That’s not to say dismiss his anger… honor him, he feels what he feels he feels. And understand that at age four… he’s getting adventurous, trying on a variety of expressions just to see what they feel like (It’s a big part of learning empathy)
Your response to his expression will have effects on how he interprets and integrates the experience… but here’s the good news and the bad news… all of this has nothing to do with you… unless you try to make it about you which is likely to bring up a lot of resistance and persistence from him. That’s a really hard thing for us (parents) to keep in our awareness. And it’s a shame because from my experience and observation… it is the common glitch in relationship with our kids regardless their age… parents get very confused and without awareness, they make everything about themselves … deluding themselves that they are doing it in the child’s ‘best interests’. (fyi… I’m not saying it should never be about you… I am saying you’ll develop a healthier relationship with your children when you’re honest and acknowledging that it’s about you when you feel it needs to be about you - for instance, when he wants to do something YOU see as ‘high risk’… you’ll try to convince yourself it’s about him and his safety… the truth is, it’s about you and your worries)
So… instead of going into a tailspin, why not give him some tools to manage his powerful emotions. Teach him how deep breaths can help him regain control of his vibration. As you learn to lovingly detach you can offer guidance and an open ear allowing him to express what he feels. When things are pleasant invite him to play a breathing game with you. Have him breath in deeply through his nose, hold it for a second or two…then breath it all out through his mouth. Point out what different parts of his body are doing while you are both doing this breathing together. i.e. is his chest rising and falling, belly going in and out. Join him in exploring whether it feels different if you’re laying down, sitting down, standing up, etc. You can have him visualize while he does the breathing. Speak to him at his level using words and images he’s likely to resonate with… i.e. if he’s a super hero fan he can ‘breathe in his super hero powers’ and ‘breathe out all the icky feelings that weaken his power’. Do this when you’re both in a good mood and enjoying one another… then when he really needs to find a way to get his body and feelings under control all you have to do is remind him.

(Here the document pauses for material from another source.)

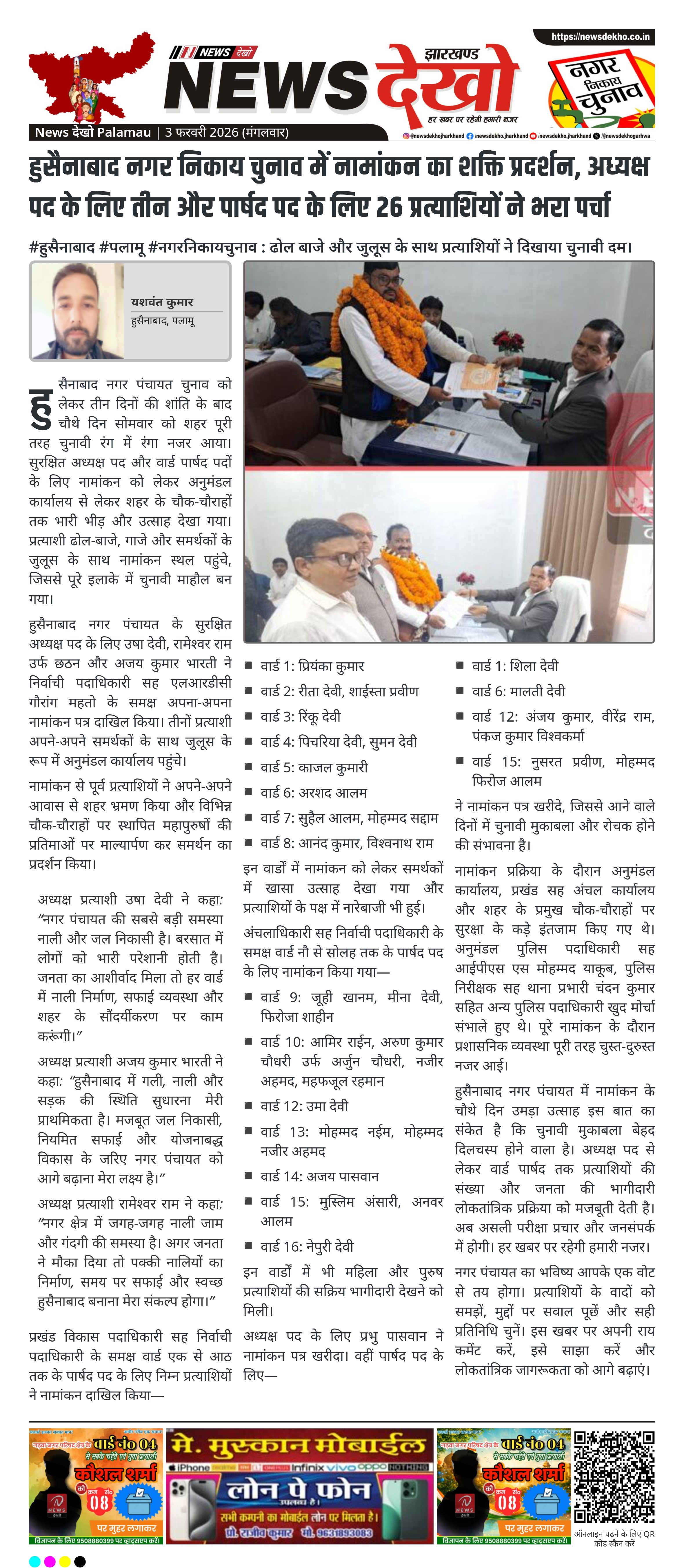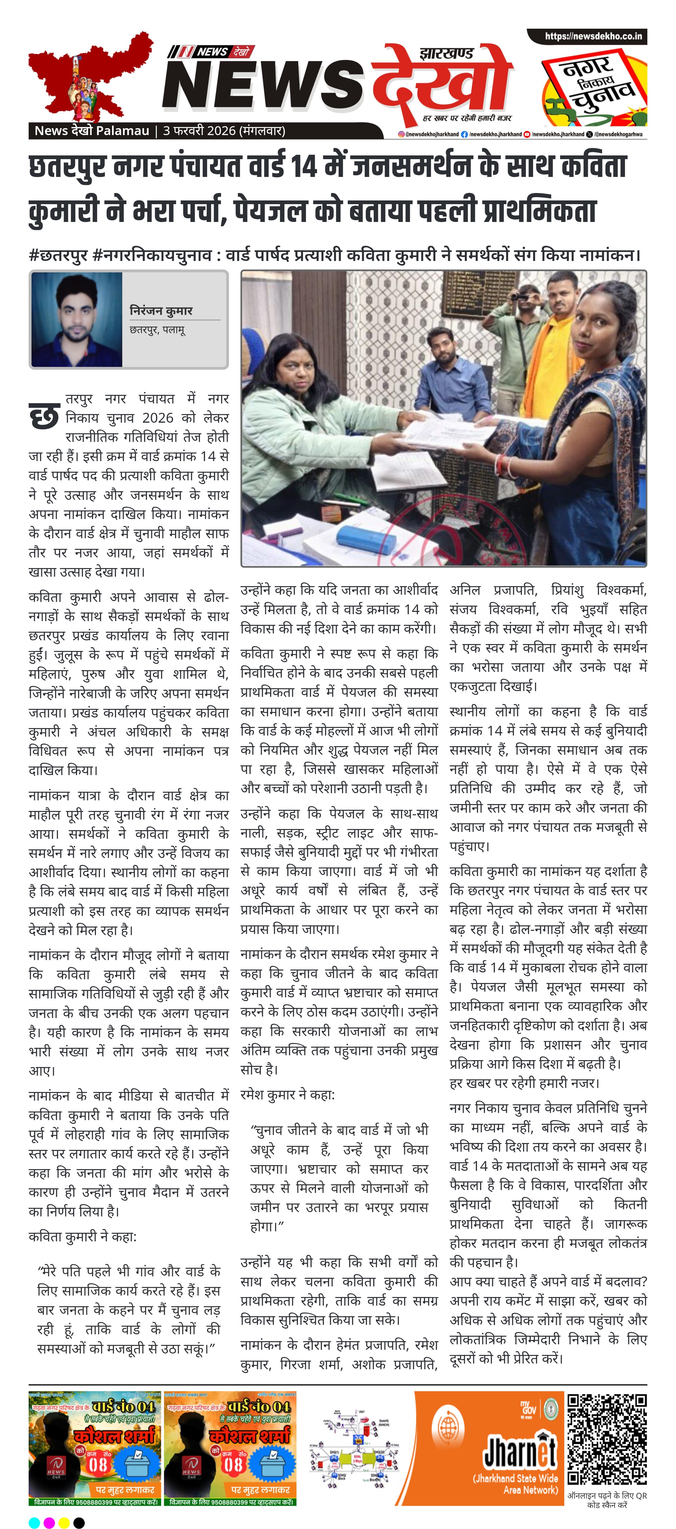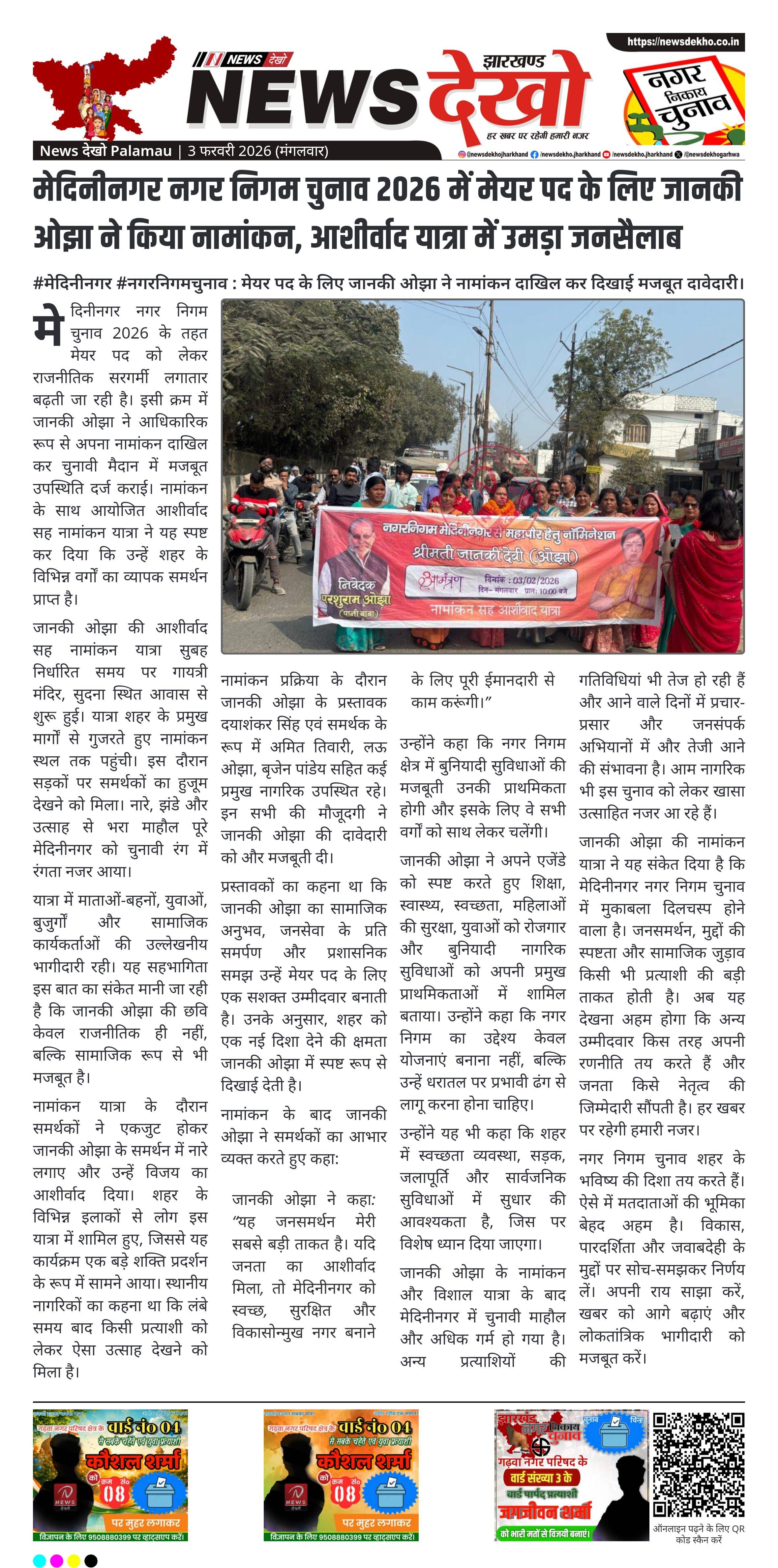 #मेदिनीनगर #विश्रामपुर #नगरपरिषदचुनाव : नामांकन के दौरान उमड़ा जनसैलाब, हजारों समर्थकों के साथ पहुंचीं प्रत्याशी। विश्रामपुर नगर परिषद अध्यक्ष पद की प्रत्याशी हैं रचना कुमारी शुक्ला। नामांकन से पूर्व मंदिर में पूजा-पाठ कर निकाला भव्य जुलूस। हजारों महिला-पुरुष व युवाओं की रही मौजूदगी। शिक्षा, पेयजल, स्वास्थ्य और स्वच्छता को बताया…

It’s unlikely at four that he truly knows what ‘hate’ feels like. So when he tosses that phrase out at you, acknowledge that he’s feeling something big, encourage him to take a few breaths to get his body under control and then ask him to tell you more about what he’s feeling. If you can do this with love and a genuine curiosity you may be surprised, not only by how quickly he’ll learn to manage himself but also from the amazing insights you’re likely to hear coming from him.
Most of all… make and renew daily a commitment to find five reasons to adore this child. It’s a habit that will serve you both brilliantly.